Maybe he's a little bigger than the one before, or maybe his screaming was so loud it surprised you, but one way or another it took you a little more time to get his head in your mouth. However, the moment your throat was wrapped around his head, his fate was sealed.
The lecturer stops talking entirely because this student's screams are far too loud to talk over, so he leans back on his desk and patiently waits. He's trying not to stare, and in a very clever move, subtly shields his groin from view using his lecture notes. It looks very natural, one arm held by the other, but it doesn't fool you.
All heads have turned to look at you now. You've fully held up the lecture. While the student's torso descends down your throat, slowly working to his hips, you spy a cutie among the sea of irritated, disgusted, aroused, afraid or bored faces- a pretty boy with carefully maintained black curls- and wink at him. You're not sure he saw it, though, because he'd looked away almost as soon as he'd met your gaze. Is he shy? Afraid? Not that into you? Whatever, you can flirt later.
You finish gulping the second student down and let out a thunderous burp.
"You done?" The lecturer asks, red-faced but not angry.
You burp a second time, and someone's pencil flies out of your gullet and wetly bounces off your desk, a slinging a small thread of saliva onto the student sitting in front of you. They flinch slightly at contact, but stay motionless otherwise. They were probably too afraid of drawing your attention to let themselves move now.
You look at the lecturer and nod, happy with your meal for now. They continue the lesson.

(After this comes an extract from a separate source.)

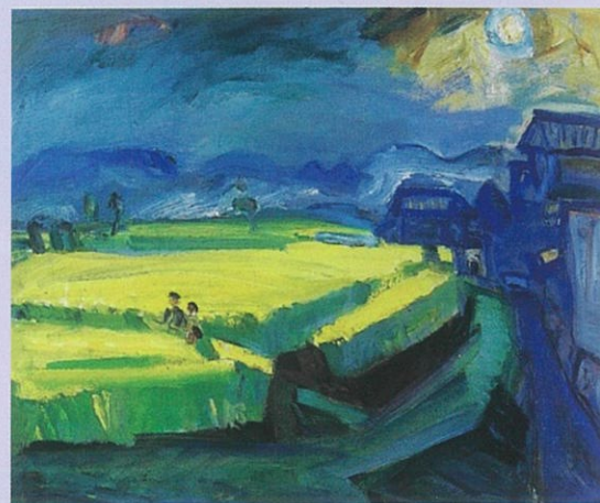
登校の図(昭和15年頃、現・蒲生東小学校に寄贈された作品)
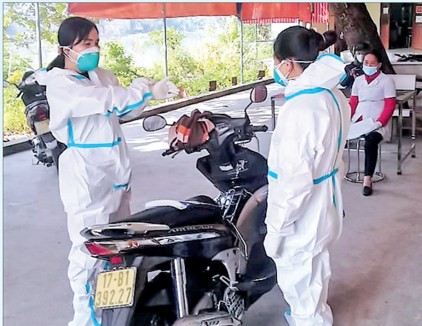
Nhân viên Trạm Y tế xã Phú Lương (Đông Hưng) chuẩn bị đi lấy mẫu xét nghiệm tại gia đình có F0.

Trong đợt cao điểm của dịch bệnh (từ ngày 10/11 đến nay), cũng như Trạm Y tế xã Nguyên

You don't pay much attention to the rest of the class. The size of your gut distracts you. With two whole people bubbling away inside you, your gut hangs low, and you can feel the hairs on your skin gently brushing against the carpet.
Your newer occupant gets comfortable, and stops moving. Or, more realistically, has ran out of oxygen.
But there's plenty of movement. Your gut is working hard to start digesting your prey, muscles contracting and shifting the mass in your gut to the optimal position and covering it with stomach acid. You can feel and see your prey getting moved inside you, and the twitching underside of your gut rubs against your pulsing groin.
While the class resumes as normal, you feel eyes on you occasionally. Sometimes you'll catch your fellow students in the act of staring- some don't even bother to pretend like they weren't- but every time you start to turn your head a certain direction, you can see a head of curly hair quickly snap back to looking at the front of the room.
Your groin aches with need, your underwear is getting a bit wet, but, as far as your familial ties will get you, you won't be able to get away with jacking off in the middle of class. There are some rules you can't break, after all.
That said, if you happened to orgasm hands-free, nobody would notice. Or at least, nobody would be able to prove anything, not with so much covered by... Well, by yourself. You leaned back and drummed your fingers on your tight, misshapen gut, right over where the head and shoulders of one of your victims prey lie still.
You decide that if you wanted to cum, you'd probably need a third inside of you. And that could be left for another time. Maybe later that evening, maybe with the cutie who keeps staring at you when he doesn't think you're looking. You could eat someone else and then invite him over to play.
For now, there'd be no doubt everyone would be too afraid to sit near you for a while, but eventually they'd relax, and you'd be able to get a snack in class next time you needed it. Until then, you can settle for eating before and after class like everyone else.
The lecturer wraps up, and people start leaving. You'll have to figure out how to untangle yourself from your seat now. It'll be a long walk back to your dorm. Will there be any way to grab a bite to eat on the way? Your stomach growls.